As you are probably aware Aetna has tendered an offer of 37 billion to purchase Humana.
I currently own a large portion of Humana company stock. If I retire after the deal is closed – sometime in the 2nd half of 2016, how will the cost basis be determined?
Is this a case by case method or are there rules governing such actions? I currentlly have a cost basis of around $99,000.00. Aetna stated that each Humana share would receive $125 cash plus .8375 Aetna share after the closing.



The cost basis amount plus any new purchases of Humana and/or Aetna shares prior to retirement should transfer to the surviving Aetna shares. However, the cash payout amount poses a problem as it is coming from a liquidation of some of your Humana shares for cash instead of replacement Aetna shares. Since the cash reduces the amount of Aetna shares you will receive, I think your cost basis will be reduced proportionately (look at it as selling some of your Humana shares with their cost basis back to the plan to raise the cash).  If you are sure that NUA benefits you, if you can possibly get an explanation from the plan (may not be possible for quite awhile) how they would calculate your new cost basis due to the cash component, you might consider retiring sooner and completing the LSD before the conversion.



According to you I will have about 45% in Aetna unitized fund and 55% in cash? Is that correct? When I execute the NUA is the stock portion only eligible for NUA. The cash portion has to be move to an IRA account just like my other investments under my 401K?
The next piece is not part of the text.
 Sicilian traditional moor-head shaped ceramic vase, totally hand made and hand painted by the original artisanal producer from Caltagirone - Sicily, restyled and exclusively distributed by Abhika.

Yes, the cash would be included with the IRA direct rollover money. NUA would be limited to the Aetna shares actually distributed. The cost basis for those shares should be based on 45% of your prior cost basis. Your cost basis % as a portion of total value should not change, but the net affect is that your NUA amount is also reduced to 45%. I would confirm all this with the plan if the deal actually closes. The other option is to retire before the deal closes if possible and get the lump sum distribution completed before the deal closes since that would preserve NUA on the full value of the Humana shares at the time of the distribution. If your cost basis is 99k, be sure the current value is around 3 times that to make NUA worthwhile.
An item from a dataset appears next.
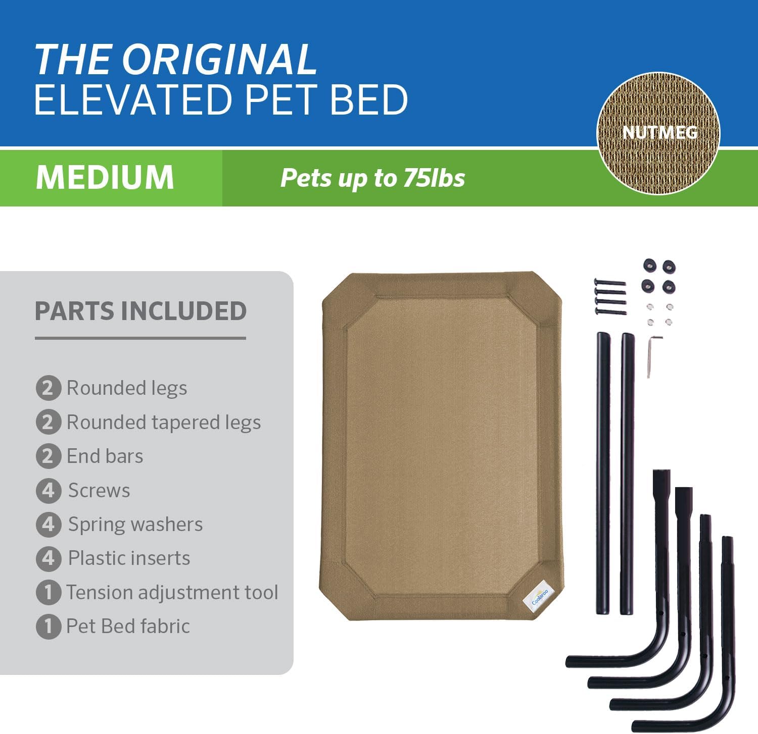 Coolaroo Original Elevated Dog Bed - Breathable Off-The-Ground Pet Bed with Cooling Fabric, Joint Relief & Moisture-Resistant Fabric, 100% Recyclable, Easy Clean, Nutmeg, Medium

Thanks. Total value is more than 3 times – a current value of $450,000.I really wanted a larger amount of NUA so I would have 3 different large buckets at retirement time: Tax free (Roth and HSA) – Tax deferred – Trad IRA and taxable (NUA). This gave me a lot of flexibility with regards to taxes in my retirement years. I will continue to monitor – no final decision when I will execute the NUA.Thanks again.